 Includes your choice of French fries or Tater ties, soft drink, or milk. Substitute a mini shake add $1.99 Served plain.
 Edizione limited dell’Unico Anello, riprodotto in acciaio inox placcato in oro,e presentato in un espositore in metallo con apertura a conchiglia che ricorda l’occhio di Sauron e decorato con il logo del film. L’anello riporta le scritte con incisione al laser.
_ _ _
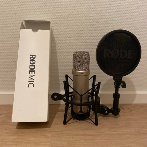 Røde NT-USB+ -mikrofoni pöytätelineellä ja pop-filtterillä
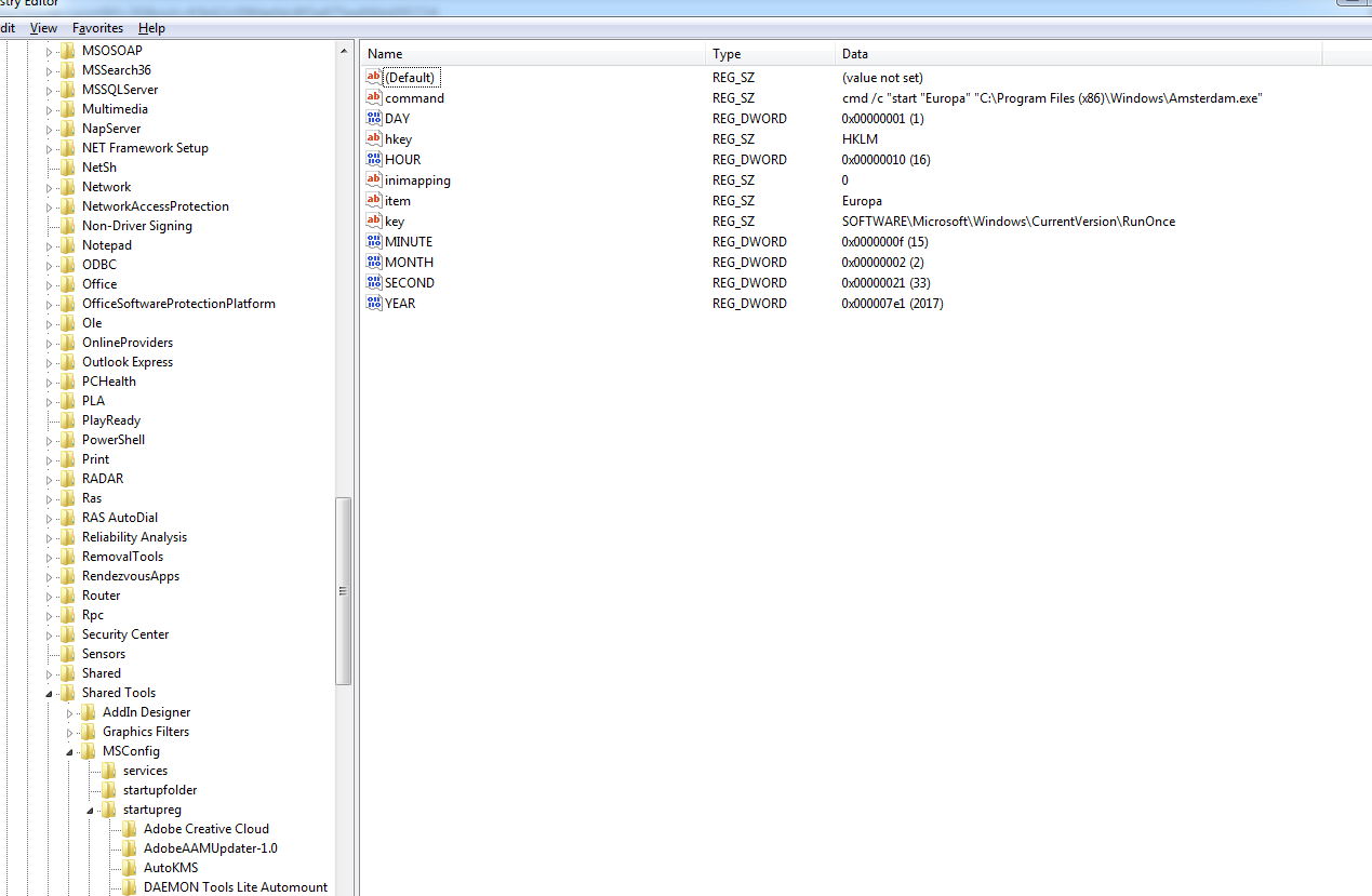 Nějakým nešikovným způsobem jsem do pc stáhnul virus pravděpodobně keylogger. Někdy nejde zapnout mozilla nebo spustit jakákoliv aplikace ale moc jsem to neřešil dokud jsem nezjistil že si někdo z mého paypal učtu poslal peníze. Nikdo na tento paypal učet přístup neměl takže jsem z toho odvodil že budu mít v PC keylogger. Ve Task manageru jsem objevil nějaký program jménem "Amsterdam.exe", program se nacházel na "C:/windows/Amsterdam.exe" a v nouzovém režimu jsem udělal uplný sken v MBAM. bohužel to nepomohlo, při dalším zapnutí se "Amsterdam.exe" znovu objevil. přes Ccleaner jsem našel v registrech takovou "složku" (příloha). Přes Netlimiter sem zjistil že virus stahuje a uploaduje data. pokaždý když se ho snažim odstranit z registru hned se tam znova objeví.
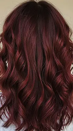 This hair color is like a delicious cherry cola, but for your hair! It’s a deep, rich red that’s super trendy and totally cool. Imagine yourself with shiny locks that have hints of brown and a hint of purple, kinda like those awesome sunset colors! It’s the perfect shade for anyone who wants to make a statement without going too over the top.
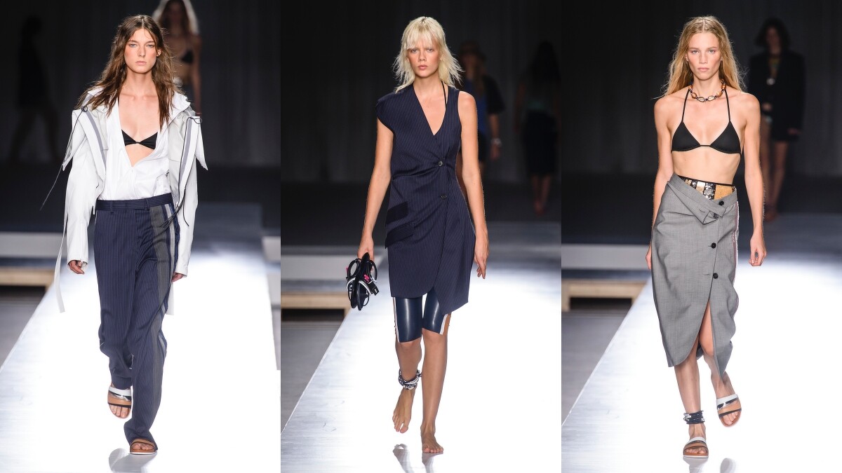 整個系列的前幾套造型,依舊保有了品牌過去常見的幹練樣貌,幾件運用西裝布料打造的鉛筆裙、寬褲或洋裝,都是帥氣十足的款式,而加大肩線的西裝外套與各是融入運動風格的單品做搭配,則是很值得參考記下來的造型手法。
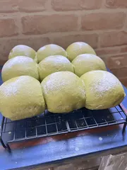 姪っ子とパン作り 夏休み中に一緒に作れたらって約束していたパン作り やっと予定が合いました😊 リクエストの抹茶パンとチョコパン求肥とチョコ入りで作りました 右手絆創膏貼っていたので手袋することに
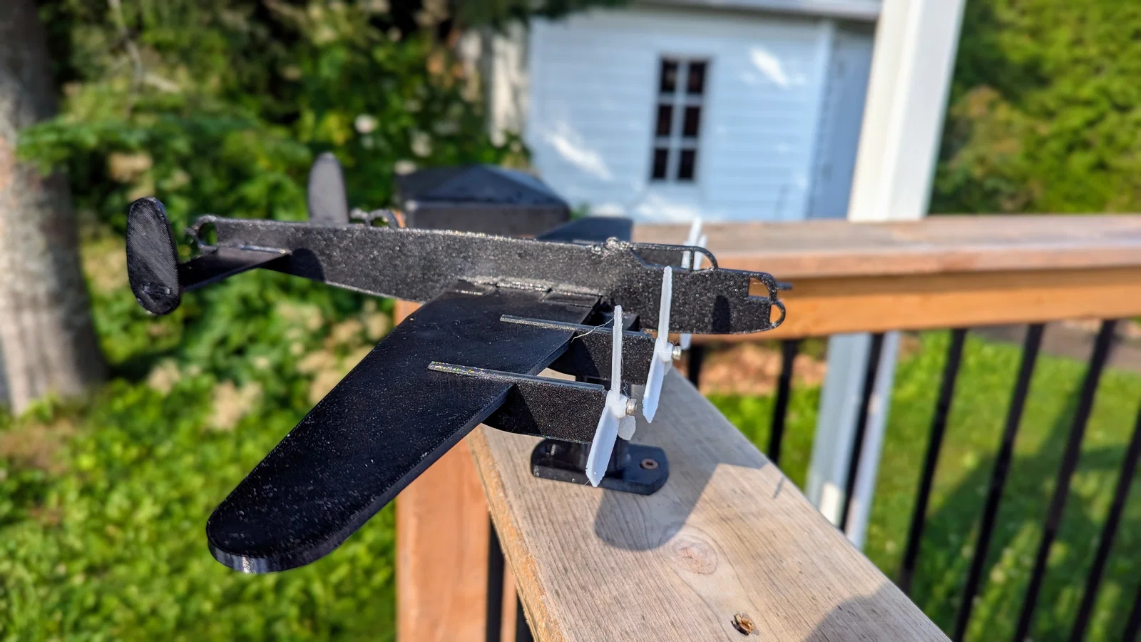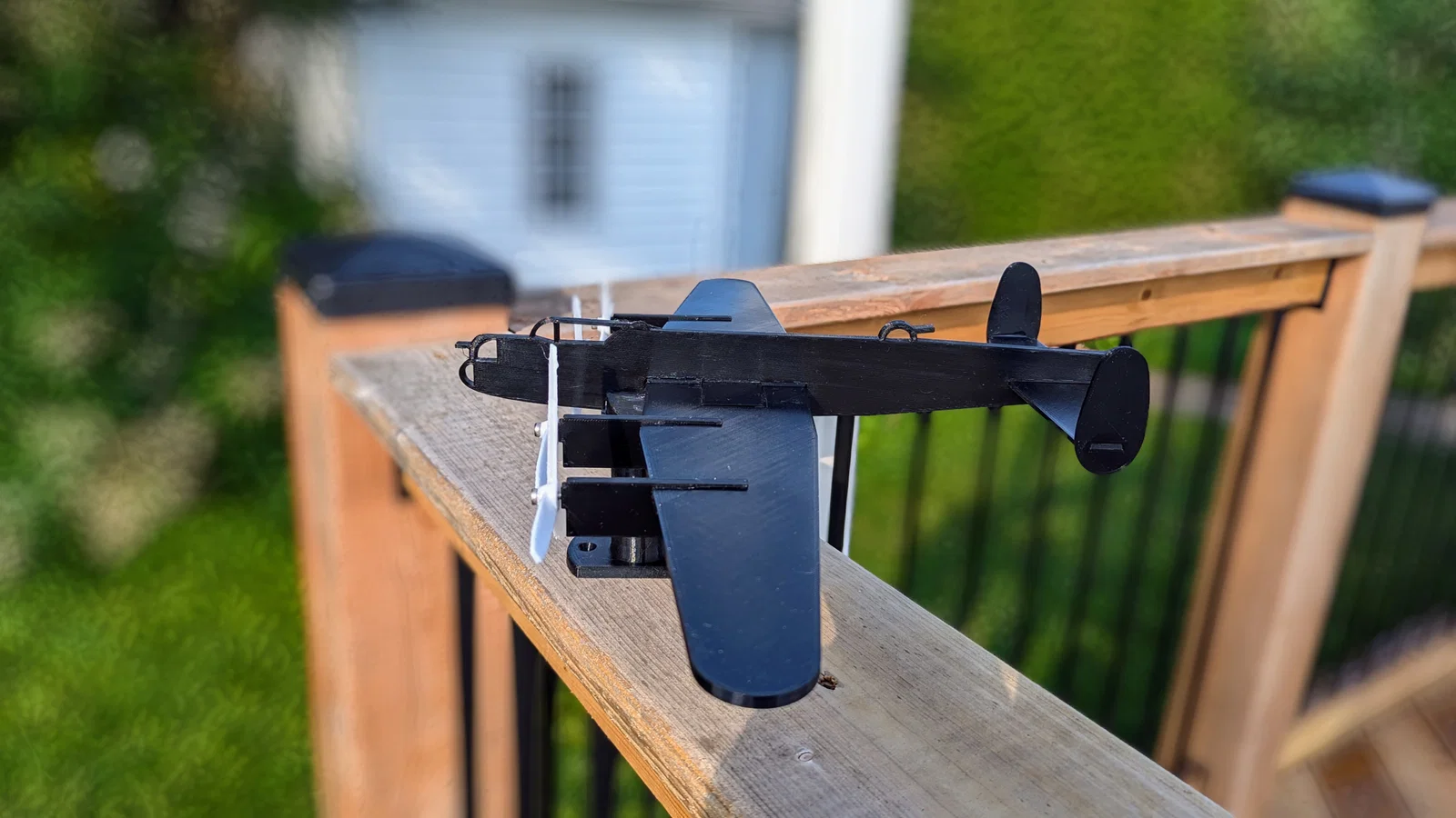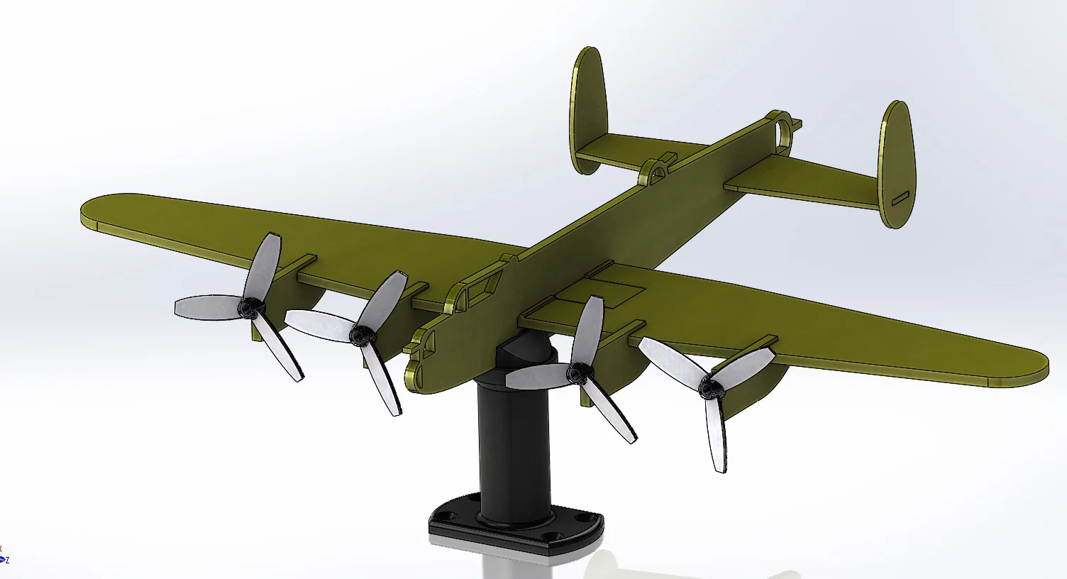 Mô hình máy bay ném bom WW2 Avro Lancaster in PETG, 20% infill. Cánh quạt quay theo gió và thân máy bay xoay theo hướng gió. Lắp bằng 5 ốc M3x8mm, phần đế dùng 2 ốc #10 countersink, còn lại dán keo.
_ _ _
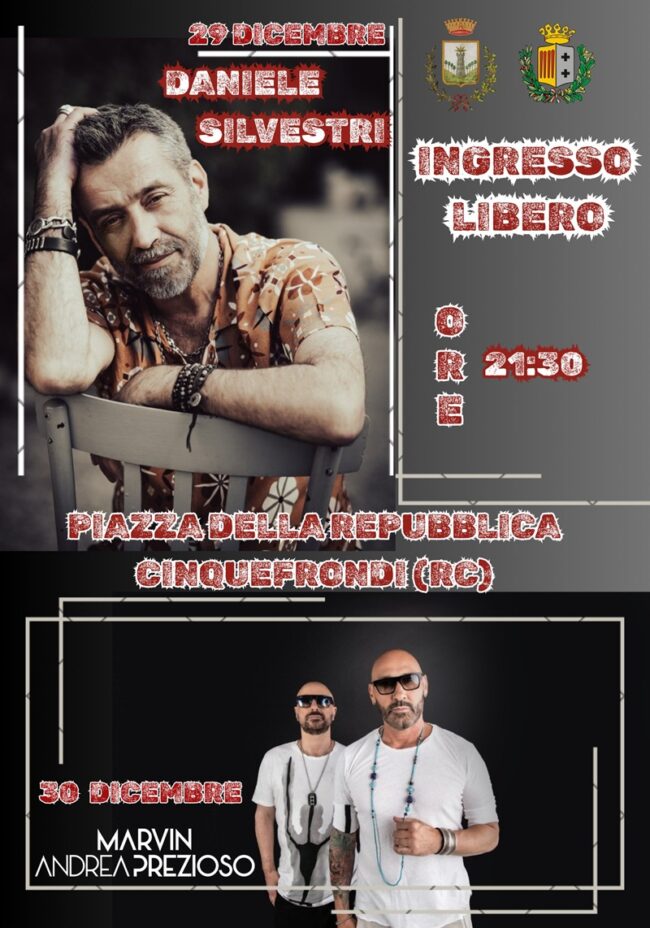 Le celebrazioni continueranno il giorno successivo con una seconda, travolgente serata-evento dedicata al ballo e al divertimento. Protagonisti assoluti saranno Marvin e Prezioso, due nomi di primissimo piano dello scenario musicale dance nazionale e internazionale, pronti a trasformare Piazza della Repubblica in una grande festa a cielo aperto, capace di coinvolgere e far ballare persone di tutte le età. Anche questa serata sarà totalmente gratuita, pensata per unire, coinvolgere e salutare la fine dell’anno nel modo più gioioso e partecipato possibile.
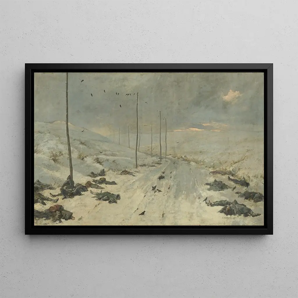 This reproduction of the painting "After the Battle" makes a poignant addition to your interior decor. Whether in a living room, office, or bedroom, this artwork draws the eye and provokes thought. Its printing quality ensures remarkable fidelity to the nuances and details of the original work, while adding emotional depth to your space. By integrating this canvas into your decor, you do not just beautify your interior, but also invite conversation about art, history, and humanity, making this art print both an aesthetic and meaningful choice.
_ _ _
### What is being asked:
The required answer is the exact run of lines above starting at the line with "Includes your choice" and ending at the line with "Edizione limited dell’Unico", with both ends present.

### Written answer:
 Includes your choice of French fries or Tater ties, soft drink, or milk. Substitute a mini shake add $1.99 Served plain.
 Edizione limited dell’Unico Anello, riprodotto in acciaio inox placcato in oro,e presentato in un espositore in metallo con apertura a conchiglia che ricorda l’occhio di Sauron e decorato con il logo del film. L’anello riporta le scritte con incisione al laser.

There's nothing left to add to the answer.